Петрович, разбиравший бумаги на своем столе, поднял голову.
– Ты, Ваня, прости, но ты часто прешь напролом, а в общении с людьми надо нюансы учитывать. Без этого никак, – назидательно промолвил Логинов. – Как только он сказал «Мила», я сразу же вспомнил, когда он прежде это имя упоминал. Плохо они расстались, ясно? Она его променяла на другого, так что он теперь ее даже видеть не хочет.
– Ладно, – смирился Опалин. – Но мне-то что теперь делать? Слушай, а может, среди твоих знакомых кто найдется?
За годы работы в угрозыске Петрович накопил изрядное количество связей в самых разных слоях общества и умело их использовал, когда того требовали интересы дела. Он шевельнул бровями и коротко ответил:
– Может, и найдется. Почему нет?
…Первый блин, впрочем, оказался комом, потому что на назначенную в пивной встречу Петрович привел спекулянта или, как тогда говорили, театрального барышника. По правде говоря, Опалин ожидал увидеть раскормленного рвача с минимумом интеллекта на том, что у других называется лицом, но реальность оказалась куда интереснее. Перед сыщиком предстал пожилой господин – слово «товарищ» к нему категорически не шло – благообразной профессорской наружности, в пенсне и с бородкой клинышком. Он был тих, как ландыш, и учтив, как воспитанница института благородных девиц. Иван уже собирался сердито спросить у Петровича, кого он вообще притащил с собой, когда барышник, который обметал платком стул, прежде чем присесть на него, на мгновение повернулся в сторону Опалина, и из-под пенсне сверкнул такой острый взгляд, что вопрос замер у сыщика на губах.
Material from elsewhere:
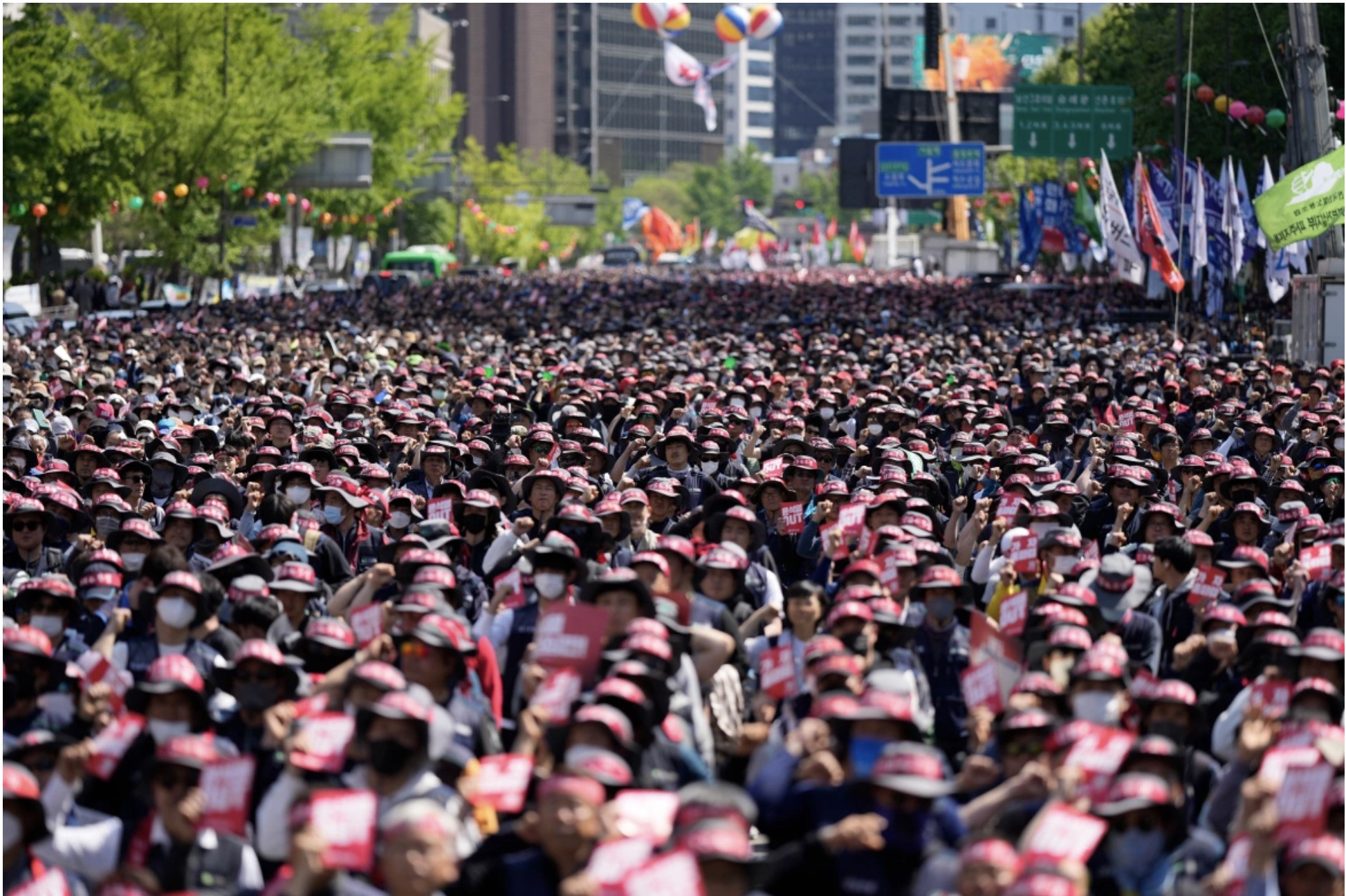 Tại Hàn Quốc, hàng chục nghìn người đã tham gia các cuộc tuần hành khác nhau được tổ chức vào ngày 1/5. Một nhà hoạt động ở thủ đô Seoul tuyên bố trên bục phát biểu: "Giá cả mọi thứ đã tăng, trừ lương của chúng tôi. Tăng mức lương tối thiểu cho chúng tôi. Giảm giờ làm cho chúng tôi".

– Давайте знакомиться, – бодро сказал Петрович, который сел между Опалиным и своим осведомителем. – Иван Григорьич, – кивок в сторону начальника, – Петр Сергеич, – кивок в сторону барышника. – Ну что, возьмем пивка? – Он энергично потер руки.
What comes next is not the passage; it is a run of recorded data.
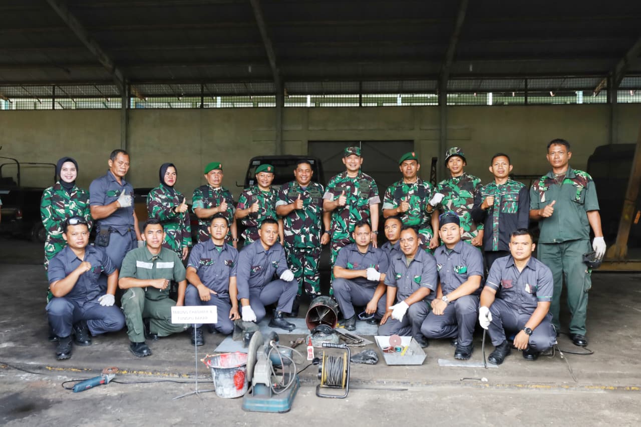 Setibanya di lokasi, Pangdam I/BB menerima hormat jajar sebelum menuju area workshop untuk meninjau tahapan pengerjaan. Di tempat tersebut, Kapaldam I/BB, Letnan Kolonel Haris Waskito, S.E., memberikan penjelasan terkait proses pembuatan, spesifikasi teknis, serta mekanisme kerja alat incinerator yang dirancang untuk pengolahan limbah secara efektif dan aman.
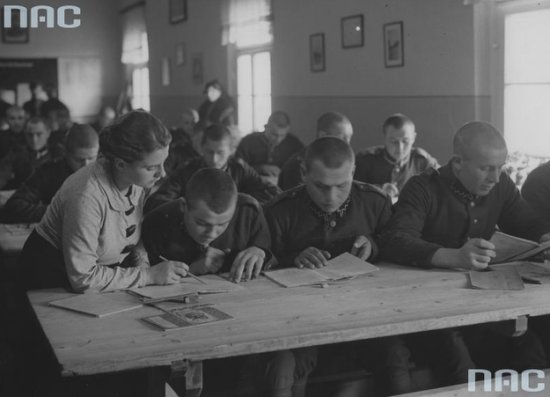 Żołnierze 21 Warszawskiego Pułku Piechoty „Dzieci Warszawy" podczas nauki czytania, prowadzonej przez Polski Biały Krzyż. Z archiwum Narodowego Archiwum Cyfrowego
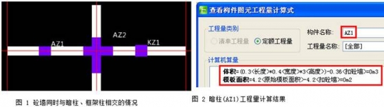 与墙同厚的暗柱体积与模板扣墙后均为0,而墙不扣减暗柱,这样暗柱的量就算在了剪力墙里了。
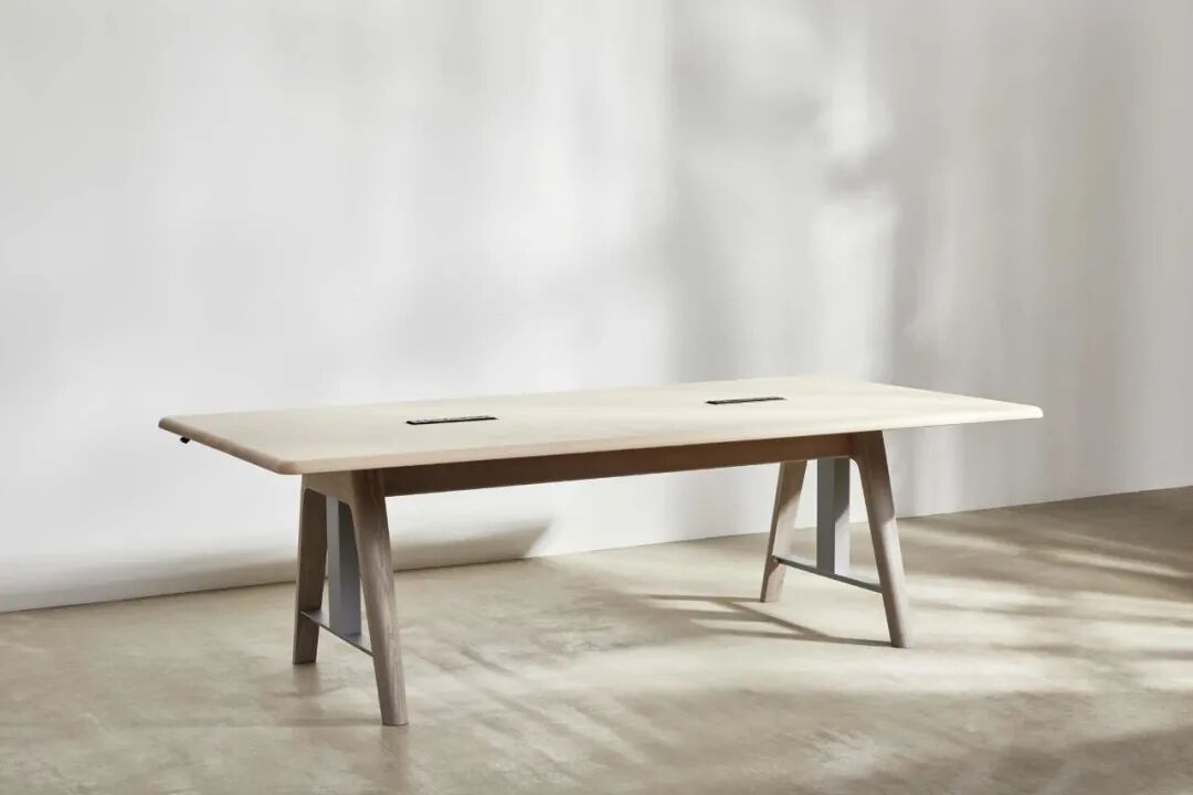 矩形会议桌除了静态选项,还有一款可调节高度的产品,灵活且符合人体工程学。
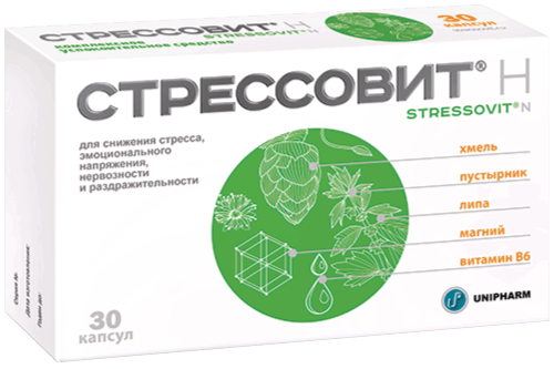 СТРЕССОВИТ® Н — комплекс магния, флавоноидов (экстракт хмеля, липы, пустырника), витамина В6, обладающий мягким успокоительным действием.
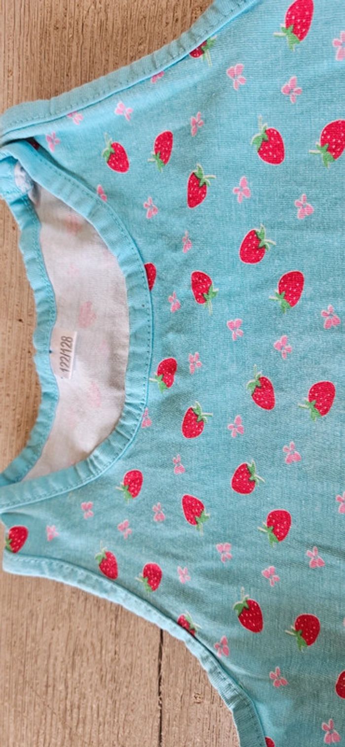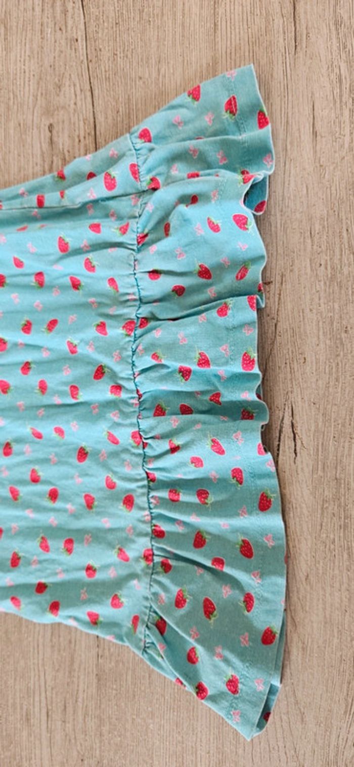 Robe coute turquoise avec des fraises, taille 7/8 mais petite - photo numéro 5
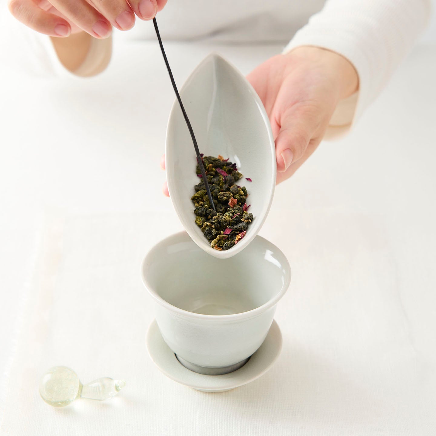 小舟のようなフォルムの小さな鉢は、食器としてはもちろん、茶則としてもお使いいただけます。両端は尖り方が異なるので、茶壷の大きさに合わせて変えることで、茶葉をスムーズに茶壷に移すことができます。
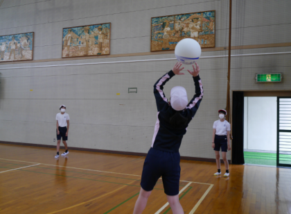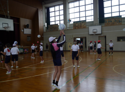 今日は雨模様。晴れていたらハードル走をの学習を行う予定でしたが、体育館でソフトバレーボールに挑戦することに。アンダーハンドパスとオーバーハンドパスをやってみました。

Опалин и его подчиненный взяли жигулевского, а Петр Сергеич оказался с подковыркой и пожелал портер, который стал пить мелкими глоточками, смакуя, как вино.
– Так что насчет Большого театра? – спросил Петрович, когда стаканы опустели больше чем наполовину и от удовольствия можно было переходить к конкретике.
Петр Сергеич поглядел на Опалина, на Логинова, степенно поправил пенсне и сделал еще несколько глотков.
– Театр… гм… что ж… Приятное место. Не без подводных, так сказать, камней… гм…
– Ты же говорил, что всех там знаешь, – вернул уклончивого барышника на землю Петрович.
– Всех? – поднял брови Петр Сергеич. – Нет… всех знать невозможно, видите ли. Я в основном дружу с… – он опасливо покосился на Опалина, – с кассирами, с кое-кем из капельдинеров…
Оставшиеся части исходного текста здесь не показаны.